* Exercise goal *
Beginning with the line below that contains "亮點之處在于其鈕,以一側(c" and ending with the line that contains "396 acres located", retype every line exactly. Pictures are not copied.

* Source information *

----

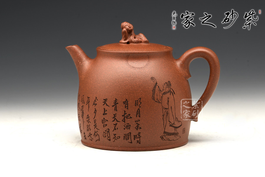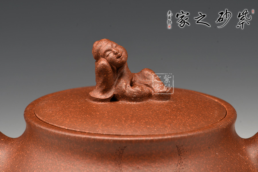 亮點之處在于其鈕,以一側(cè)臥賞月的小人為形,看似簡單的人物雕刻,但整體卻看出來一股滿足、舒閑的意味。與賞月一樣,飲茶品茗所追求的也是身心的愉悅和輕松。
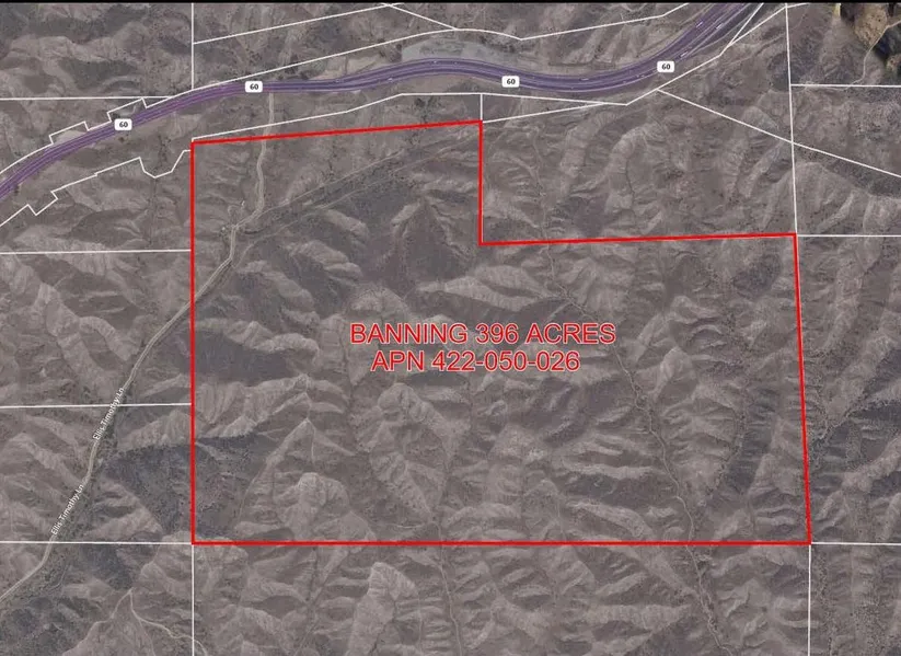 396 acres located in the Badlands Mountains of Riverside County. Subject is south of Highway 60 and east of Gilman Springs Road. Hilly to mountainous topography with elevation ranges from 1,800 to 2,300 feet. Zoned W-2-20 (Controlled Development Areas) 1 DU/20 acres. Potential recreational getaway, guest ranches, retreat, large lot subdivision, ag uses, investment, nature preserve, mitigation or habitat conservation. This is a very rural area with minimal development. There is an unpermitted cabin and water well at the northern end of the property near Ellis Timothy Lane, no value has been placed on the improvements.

----

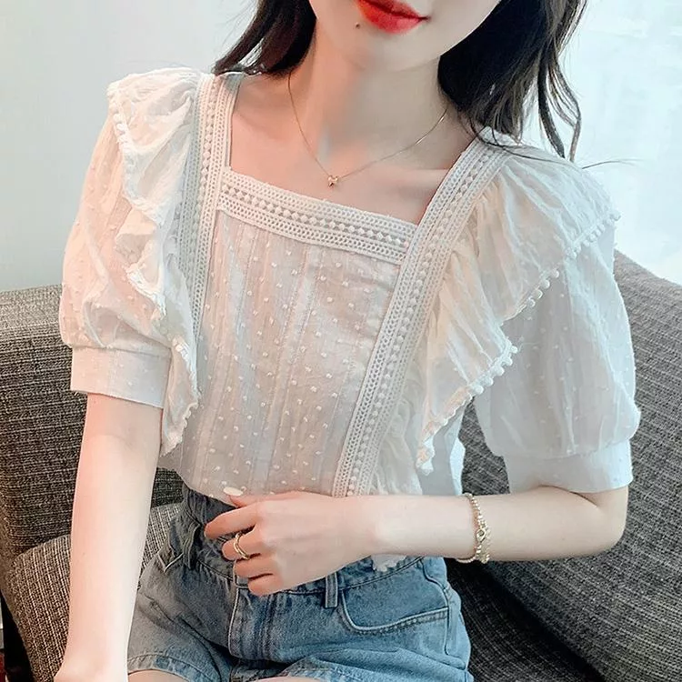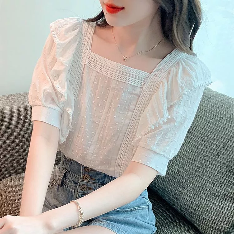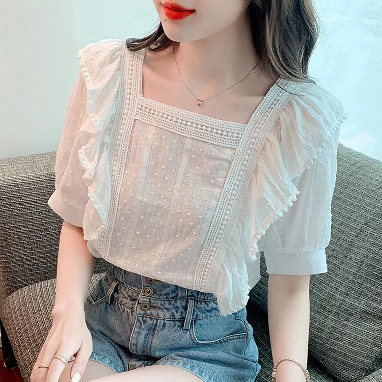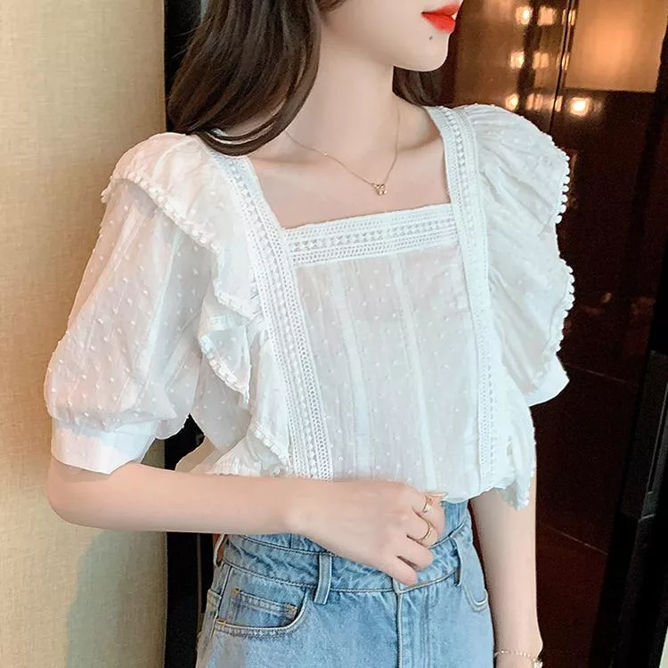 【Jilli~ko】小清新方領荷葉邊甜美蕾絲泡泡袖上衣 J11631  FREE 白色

----

* Task output *
 亮點之處在于其鈕,以一側(cè)臥賞月的小人為形,看似簡單的人物雕刻,但整體卻看出來一股滿足、舒閑的意味。與賞月一樣,飲茶品茗所追求的也是身心的愉悅和輕松。
 396 acres located in the Badlands Mountains of Riverside County. Subject is south of Highway 60 and east of Gilman Springs Road. Hilly to mountainous topography with elevation ranges from 1,800 to 2,300 feet. Zoned W-2-20 (Controlled Development Areas) 1 DU/20 acres. Potential recreational getaway, guest ranches, retreat, large lot subdivision, ag uses, investment, nature preserve, mitigation or habitat conservation. This is a very rural area with minimal development. There is an unpermitted cabin and water well at the northern end of the property near Ellis Timothy Lane, no value has been placed on the improvements.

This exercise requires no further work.